Sample application logs:

$ cat /var/log/sambaflow/runtime/sn.log
[NOTICE][RSC][21757]: Orientation: FOUR_TILE
[NOTICE][RSC][21757]: -> Number of Tiles = 4
[NOTICE][RSC][21757]: --> Number of Segments = 1
[NOTICE][RSC][21757]: -----> Segment Size = 6761543552 B

dmesg(1) logs

dmesg logs are kernel logs that are generated by the RDU driver, which interfaces with the DataScale hardware. These logs typically contain information about low-level hardware events, error handling, or Linux enumeration. Check here first if you suspect a Linux or hardware issue, and if snd.log and snd.log don’t have the information you need.

$ dmesg
[RDU]: Number of RDUs Found: 8
[IOCTL]: Mapped: size 0x40000000  va 0x7f64c0000000 pa 0xfc0000000 da 0xfc0000000 num_pg 0x1
[IOCTL]: Mapped: size 0x40000000  va 0x7f6440000000 pa 0xf80000000 da 0xf80000000 num_pg 0x1
[KRM]: Tile Scrubbing Devmem Address for RDU[0] : 3ff0000000
[KRM]: Tile Scrubbed on RDU: 0 and Tile: 0

Check the status of RDUs

Before you look at the status of RDUs, it’s important you understand what state can mean:

  • Functional state. Functional state shows whether the physical hardware is healthy or unhealthy. Do not use an RDU that is functionally unhealthy (has a fault diagnosed against it). Some human interaction is usually necessary.

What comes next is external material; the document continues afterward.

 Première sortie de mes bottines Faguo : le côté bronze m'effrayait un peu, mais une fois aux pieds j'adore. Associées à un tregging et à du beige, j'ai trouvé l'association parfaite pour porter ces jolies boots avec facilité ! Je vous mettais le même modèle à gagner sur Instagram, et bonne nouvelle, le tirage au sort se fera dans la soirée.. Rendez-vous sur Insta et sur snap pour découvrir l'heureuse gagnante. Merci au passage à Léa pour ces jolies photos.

  • Operational state. Each RDU (but not sub-RDU components like tiles or PCIe links) has an operational state which is tracked by SND and can be retrieved using the snconfig tool’s show Node op-state command. At times, RDUs are operationally unusable, even though no problem with the functional state was found.

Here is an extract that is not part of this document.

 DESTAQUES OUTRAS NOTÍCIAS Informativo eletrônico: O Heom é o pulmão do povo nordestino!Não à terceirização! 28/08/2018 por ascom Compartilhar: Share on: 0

Here’s the command to retrieve operational state:

root@labhost42:/opt/sambaflow/bin snconfig show Node op-state

Output includes the status for each RDU, for example:

/NODE/XRDU_0/RDU_0 RDU ID: 0 Status: RDU_STATE_FUNCTIONAL
/NODE/XRDU_0/RDU_1 RDU ID: 1 Status: RDU_STATE_FUNCTIONAL
/NODE/XRDU_1/RDU_0 RDU ID: 2 Status: RDU_STATE_FUNCTIONAL
/NODE/XRDU_1/RDU_1 RDU ID: 3 Status: RDU_STATE_FUNCTIONAL
/NODE/XRDU_2/RDU_0 RDU ID: 4 Status: RDU_STATE_FUNCTIONAL
/NODE/XRDU_2/RDU_1 RDU ID: 5 Status: RDU_STATE_FUNCTIONAL
/NODE/XRDU_3/RDU_0 RDU ID: 6 Status: RDU_STATE_FUNCTIONAL
/NODE/XRDU_3/RDU_1 RDU ID: 7 Status: RDU_STATE_FUNCTIONAL
Operational State Name Interpretation Recoverability

RDU_STATE_UNAVAILABLE

RDU is not available and won’t be available until some human action is taken

Unrecoverable. Some human action is required.

RDU_STATE_DEGRADED

RDU is functional, but with some degredation (may have PCIe links down/slow, incomplete memory, or fewer tiles than expected). Consumers should check fault management and determine whether the RDU’s state is acceptable

Potentially recoverable. No human action needed unless the specific degradation is not acceptable for the user’s use case.

RDU_STATE_PENDING

Runtime is currently operating on this RDU and therefore it is unusable. Consumers should poll until it reaches a different state.

Potentially recoverable. No human action needed until state is transitioned further.

RDU_STATE_FUNCTIONAL

RDU is fully healthy and no further investigation is needed

RDU is fully healthy.

Operational state does not take into account allocation status. An RDU that is fully healthy and ready to be used, but currently used by an application shows up in the RDU_STATE_FUNCTIONAL operational state.